Department of France

Eure (/ɜːr/ UR; /fr/; Eure or Eûre) is a department in the administrative region of Normandy, northwestern France, named after the river Eure. Its prefecture is Évreux. In 2023, Eure had a population of 602,714.

== History ==
Eure is one of the original 83 departments created during the French Revolution on 4 March 1790. It was created from part of the former province of Normandy. The name in fact is taken from the Eure river flowing mainly in this department.

Eure in 1790

After the allied victory at Waterloo, Eure was occupied by Prussian troops between June 1815 and November 1818.

In the wake of Louis-Napoléon's December coup of 1851, Eure was one of the departments placed under a state of emergency in order to avert resistance to the post-republican régime. In the event fewer than 100 government opponents in Eure were arrested.

== Geography ==
Eure is part of the current region of Normandy and is surrounded by the departments of Seine-Maritime, Oise, Val-d'Oise, Yvelines, Eure-et-Loir, Orne, and Calvados. It also has a short coastline within the Atlantic Ocean across the Seine estuary. It is the only Normand department to border the region of Île-de-France.

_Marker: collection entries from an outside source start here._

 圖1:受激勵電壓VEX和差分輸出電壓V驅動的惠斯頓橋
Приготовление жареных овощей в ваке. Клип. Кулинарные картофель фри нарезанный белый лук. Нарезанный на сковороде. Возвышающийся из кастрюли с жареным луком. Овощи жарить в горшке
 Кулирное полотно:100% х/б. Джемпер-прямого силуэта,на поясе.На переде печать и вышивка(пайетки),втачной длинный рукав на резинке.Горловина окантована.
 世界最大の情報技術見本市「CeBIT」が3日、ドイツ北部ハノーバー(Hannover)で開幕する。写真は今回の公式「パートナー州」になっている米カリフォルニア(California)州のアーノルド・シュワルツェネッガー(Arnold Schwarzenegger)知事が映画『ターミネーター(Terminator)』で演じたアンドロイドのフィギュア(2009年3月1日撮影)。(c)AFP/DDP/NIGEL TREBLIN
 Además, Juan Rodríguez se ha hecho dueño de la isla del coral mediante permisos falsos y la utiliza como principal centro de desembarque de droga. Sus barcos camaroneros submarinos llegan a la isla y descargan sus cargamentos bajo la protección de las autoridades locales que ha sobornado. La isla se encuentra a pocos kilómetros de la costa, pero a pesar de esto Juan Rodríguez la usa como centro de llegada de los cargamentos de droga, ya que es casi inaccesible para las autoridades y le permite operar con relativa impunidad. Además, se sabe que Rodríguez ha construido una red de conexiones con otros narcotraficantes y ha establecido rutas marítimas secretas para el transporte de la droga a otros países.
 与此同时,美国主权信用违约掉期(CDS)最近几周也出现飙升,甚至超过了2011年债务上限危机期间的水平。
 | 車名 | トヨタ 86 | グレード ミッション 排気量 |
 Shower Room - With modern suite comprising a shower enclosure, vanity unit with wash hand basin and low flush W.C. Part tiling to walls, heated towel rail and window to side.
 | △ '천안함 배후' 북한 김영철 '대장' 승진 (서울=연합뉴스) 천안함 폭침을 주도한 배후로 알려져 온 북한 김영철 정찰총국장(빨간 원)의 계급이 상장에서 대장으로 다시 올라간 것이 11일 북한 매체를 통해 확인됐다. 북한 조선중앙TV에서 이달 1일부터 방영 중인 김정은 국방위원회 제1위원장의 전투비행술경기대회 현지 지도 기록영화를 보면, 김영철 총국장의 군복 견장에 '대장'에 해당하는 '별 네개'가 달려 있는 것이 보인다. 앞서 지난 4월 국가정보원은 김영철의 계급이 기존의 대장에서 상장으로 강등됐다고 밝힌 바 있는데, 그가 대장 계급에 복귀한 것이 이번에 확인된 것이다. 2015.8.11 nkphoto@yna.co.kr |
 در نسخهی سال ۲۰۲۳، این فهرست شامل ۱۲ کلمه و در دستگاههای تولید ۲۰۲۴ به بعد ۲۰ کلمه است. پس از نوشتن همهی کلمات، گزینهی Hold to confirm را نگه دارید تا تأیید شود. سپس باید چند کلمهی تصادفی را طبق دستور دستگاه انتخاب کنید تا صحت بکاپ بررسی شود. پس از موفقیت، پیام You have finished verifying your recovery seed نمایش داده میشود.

The department is a largely wooded plateau intersected by the valleys of the river Seine and its tributaries. The altitude varies from sea level in the north to 248 metres (814 feet) above it in the south.

===Principal towns===

The most populous commune is Évreux, the prefecture. As of 2023, there are 6 communes with more than 10,000 inhabitants:

| Commune | Population (2023) |
|---|---|
| Évreux | 49,360 |
| Vernon | 25,290 |
| Louviers | 18,705 |
| Val-de-Reuil | 13,245 |
| Gisors | 12,410 |
| Pont-Audemer | 10,023 |

==Politics==

The President of the Departmental Council is Sébastien Lecornu of La République En Marche!.

| Party |  | seats |
|---|---|---|
| • | Socialist Party | 12 |
|  | Union for a Popular Movement | 11 |
| • | Miscellaneous Left | 7 |
| • | French Communist Party | 4 |
|  | Miscellaneous Right | 4 |
|  | New Centre | 3 |
| • | Left Radical Party | 2 |

=== Presidential elections 2nd round ===

| Election |  | Winning candidate | Party | % | 2nd place candidate | Party | % |
|---|---|---|---|---|---|---|---|
|  | 2022 | Emmanuel Macron | LREM | 48.62 | Marine Le Pen | RN | 51.38 |
|  | 2017 | Emmanuel Macron | LREM | 54.35 | Marine Le Pen | FN | 45.65 |
|  | 2012 | Nicolas Sarkozy | UMP | 52.45 | François Hollande | PS | 47.55 |
|  | 2007 | Nicolas Sarkozy | UMP | 57.37 | Ségolène Royal | PS | 42.63 |
|  | 2002 | Jacques Chirac | RPR | 78.22 | Jean-Marie Le Pen | FN | 21.78 |

===Current National Assembly Representatives===

| Constituency |  | Member | Party |
|---|---|---|---|
|  | Eure's 1st constituency | Christine Loir | National Rally |
|  | Eure's 2nd constituency | Katiana Levavasseur | National Rally |
|  | Eure's 3rd constituency | Kévin Mauvieux | National Rally |
|  | Eure's 4th constituency | Philippe Brun | Socialist Party |
|  | Eure's 5th constituency | Timothée Houssin | National Rally |

== Tourism ==
The main tourist attraction is Giverny 4 km (2½ miles) from Vernon) where Claude Monet's house and garden can be seen, as well as other places of interest (see external links, below).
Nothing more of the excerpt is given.